Shepard was to meet Burt Block in Block’s office—Block ran a temp service and employment agency in downtown Butternut. The tech, whose name was Jack Thompson, said, on the way over, “Wish we had a little more time to set this up. Be nice to have some video.”
“I thought you hid cameras inside of briefcases and like that,” Virgil said.
“Not so much. Tape recorders, we do.”
“Yeah, I used one of those, once,” Virgil said.
“Cameras would have been nice,” Good Thunder said. “Juries like to see faces. I just hope the audio works through brick walls, or whatever.”
“It’ll be fine. This is state-of-the-art stuff,” Thompson said. “Long as he doesn’t fall in the lake.”
Virgil told him about the recorder at the bottom of the Butternut, and Thompson said, “If he didn’t punch a hole in the hard drive, you’re good.”
“Hope so,” Virgil said.
The wire they’d put on Shepard was strictly one-way—they had no way to communicate with Shepard, except by cell phone. As Shepard pulled into a diagonal parking space in front of Block’s office, Thompson started the recorder. Shepard sat in his car for a full minute—they could hear him breathing—then slowly got out. “I’m such an asshole,” he muttered.
“C’mon, c’mon, move,” Wills said, impatiently, from the backseat.
Shepard looked across the street at Virgil’s truck, then turned, reluctantly, and said, “I’m going in,” and went inside.
Inside, he said hello to a woman, who said, “Hi, Pat. Burt’s in the back, go on in.”
DIALOGUE:
Block: “Hey, Pat. What’s up?”
Shepard: “Hey, Burt. Man . . . I gotta sit down. I’m really screwed up here, man. My wife bailed out on me last night. She found out I . . . I’ve been fooling around. She’s so pissed, she knows about the PyeMart deal, she knows about the money.”

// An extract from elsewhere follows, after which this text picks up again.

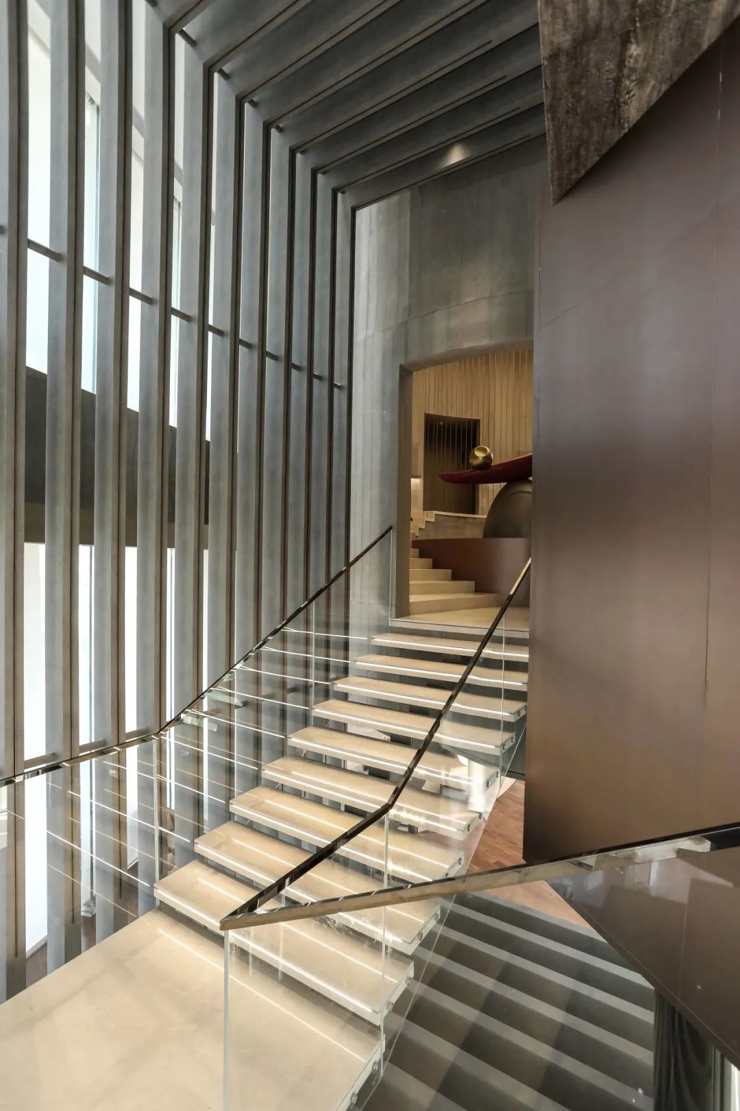 營(yíng)銷中心的室內(nèi)設(shè)計(jì)通過(guò)化繁為簡(jiǎn),消除贅余的表達(dá)為設(shè)計(jì)線索,專注光影關(guān)系的營(yíng)造,以及材質(zhì)肌理本身質(zhì)樸美感的呈現(xiàn)。在滿足銷售中心辦公、招商和銷售等功能需求的基礎(chǔ)上,設(shè)計(jì)團(tuán)隊(duì)打破空間固有的桎梏,通過(guò)體塊穿插及結(jié)構(gòu)懸挑等設(shè)計(jì)介入,創(chuàng)造出錯(cuò)落有致,富有層次的極致感受。

Block: “Whoa, whoa, whoa . . . She knows about me? She knows about all of us?”
“Got him,” Wills said, gleefully.
Thompson said, “Shhh.”
SHEPARD: “She doesn’t know exactly about you or Arnold, but she knows about Geraldine.”

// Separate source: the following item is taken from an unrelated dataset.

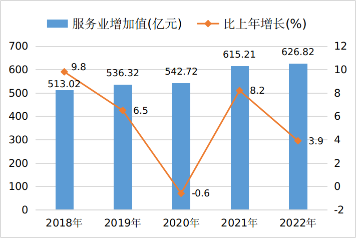 全年全市服务业增加值626.82亿元,按不变价格计算,比上年增长3.9%。其中,批发和零售业增加值101.28亿元,下降0.1%;交通运输、仓储和邮政业增加值79.82亿元,下降3.2%;住宿和餐饮业增加值14.81亿元,下降4.6%;金融业增加值85.14亿元,增长10%;房地产业增加值66.19亿元,增长1.7%。

Block: “But she doesn’t know about me?”
Shepard: “She knows . . . you know . . . but I never said your name or anything. But she knows.”
Block: “Ah, man, you gotta shut that bitch up. If she talks, we’re toast.”

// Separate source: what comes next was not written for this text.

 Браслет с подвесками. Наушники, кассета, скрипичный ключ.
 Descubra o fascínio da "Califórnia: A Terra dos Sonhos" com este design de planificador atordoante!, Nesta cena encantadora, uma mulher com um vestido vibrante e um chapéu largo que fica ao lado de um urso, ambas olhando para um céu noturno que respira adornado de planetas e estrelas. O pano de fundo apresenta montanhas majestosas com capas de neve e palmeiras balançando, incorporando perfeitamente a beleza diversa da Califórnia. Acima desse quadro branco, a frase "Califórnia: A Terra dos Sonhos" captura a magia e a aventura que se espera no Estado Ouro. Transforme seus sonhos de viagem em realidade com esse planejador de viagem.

Shepard: “I can’t shut her up. She left me. She took what was left of the money, and she knows where it came from, so . . . maybe we’re all right, but I don’t know. I was thinkin’ . . . I was lookin’ for a way out.”
Block: “Like what?”
Shepard: “If we got to . . . maybe we could buy her off? I mean, she’s gonna need money. I only got twenty-five, I figured you guys got a lot more, you could help out—”
Block: “Whoa, whoa, whoa, that’s my money. We all got exactly the same. You’re gonna have to find some other way to shut her up.”
Shepard’s voice broke: “I wish I’d never seen any of you. Geraldine said it was no problem, but now, oh my God . . .” He began blubbering.
Block: “Jesus, man up, Pat. If we just find a way to shut her up . . . Maybe we go back to the PyeMart guy, tell them that we’ve got a problem, need to smooth it out.”
Shepard: “That might work. Maybe. You think Geraldine only got twenty-five? I figured that you guys all did a lot better than that.”
Block: “I don’t know about Geraldine, but Arnold and I only got twenty-five. I mean, that’s all there was. Maybe Geraldine clipped a little off our shares, she’s crookeder than a bucket of cottonmouths. . . .”
They went on that way for a while, then Shepard asked, “So what do you think I oughta do? Talk to Geraldine? See if she’ll talk to PyeMart? I’m not that tight with her.”
Block: “I’ll talk to her. But I’ll tell you what. We’d all be better off if, you know, if Jeanne just went away.”
THERE WAS A MOMENT of silence in Block’s office, but in the truck, Good Thunder blurted, “I don’t believe he said that.”
Shepard: “What? Went away?”
Block: “You, know, if she had some kind of accident. Then you wouldn’t be getting a divorce, you wouldn’t have this threat hanging over you.”